_PROBLEM DESCRIPTION_: Retype the listing exactly, with no images.

_GIVEN INFORMATION_:
────

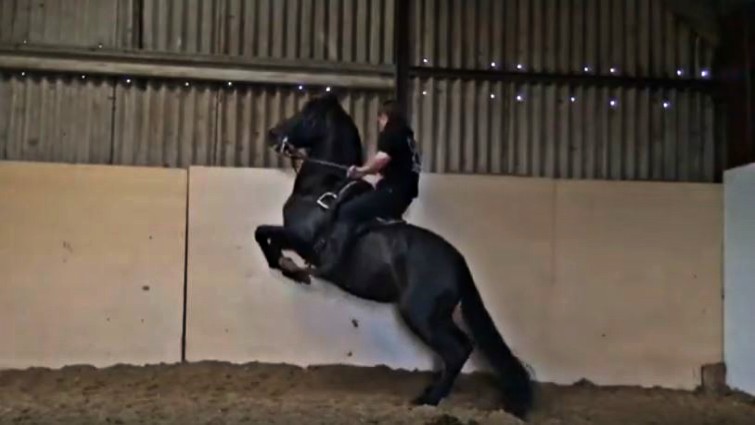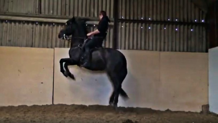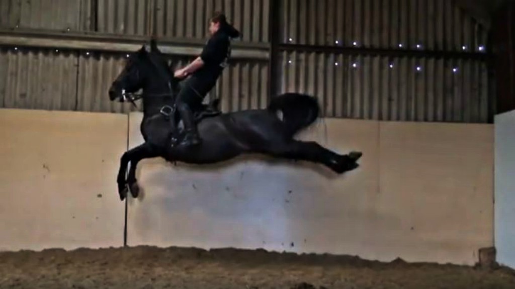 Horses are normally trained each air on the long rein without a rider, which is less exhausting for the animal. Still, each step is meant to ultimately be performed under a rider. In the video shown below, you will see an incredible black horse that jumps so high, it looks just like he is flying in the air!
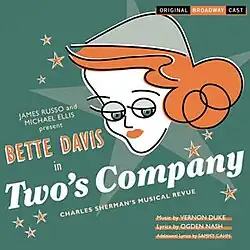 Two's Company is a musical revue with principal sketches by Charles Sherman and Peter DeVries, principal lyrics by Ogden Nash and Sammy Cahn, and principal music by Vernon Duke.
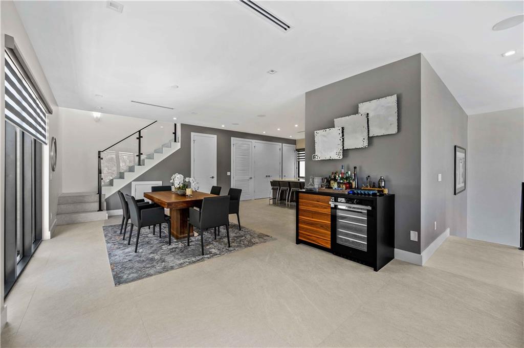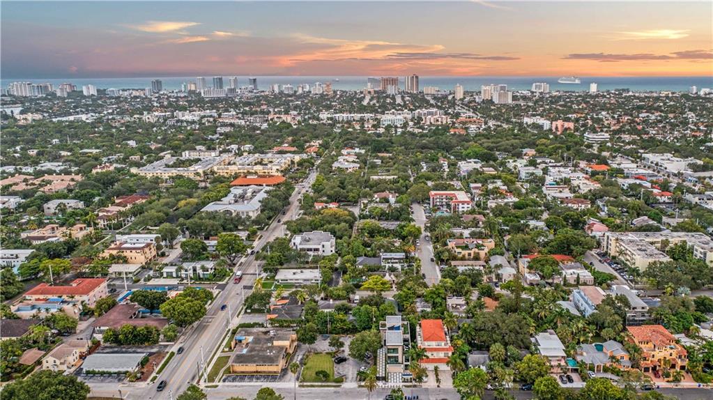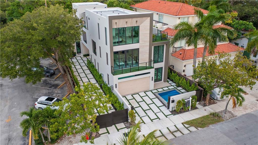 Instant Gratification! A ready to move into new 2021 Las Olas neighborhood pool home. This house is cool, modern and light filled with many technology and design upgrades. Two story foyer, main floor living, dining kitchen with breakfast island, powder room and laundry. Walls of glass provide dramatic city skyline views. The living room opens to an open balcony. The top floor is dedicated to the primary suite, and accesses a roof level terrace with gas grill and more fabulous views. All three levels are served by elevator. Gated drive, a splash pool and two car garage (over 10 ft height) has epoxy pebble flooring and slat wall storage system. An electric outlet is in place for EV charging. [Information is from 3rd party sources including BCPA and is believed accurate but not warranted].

────

_WRITTEN ANSWER_:
 Horses are normally trained each air on the long rein without a rider, which is less exhausting for the animal. Still, each step is meant to ultimately be performed under a rider. In the video shown below, you will see an incredible black horse that jumps so high, it looks just like he is flying in the air!
 Two's Company is a musical revue with principal sketches by Charles Sherman and Peter DeVries, principal lyrics by Ogden Nash and Sammy Cahn, and principal music by Vernon Duke.
 Instant Gratification! A ready to move into new 2021 Las Olas neighborhood pool home. This house is cool, modern and light filled with many technology and design upgrades. Two story foyer, main floor living, dining kitchen with breakfast island, powder room and laundry. Walls of glass provide dramatic city skyline views. The living room opens to an open balcony. The top floor is dedicated to the primary suite, and accesses a roof level terrace with gas grill and more fabulous views. All three levels are served by elevator. Gated drive, a splash pool and two car garage (over 10 ft height) has epoxy pebble flooring and slat wall storage system. An electric outlet is in place for EV charging. [Information is from 3rd party sources including BCPA and is believed accurate but not warranted].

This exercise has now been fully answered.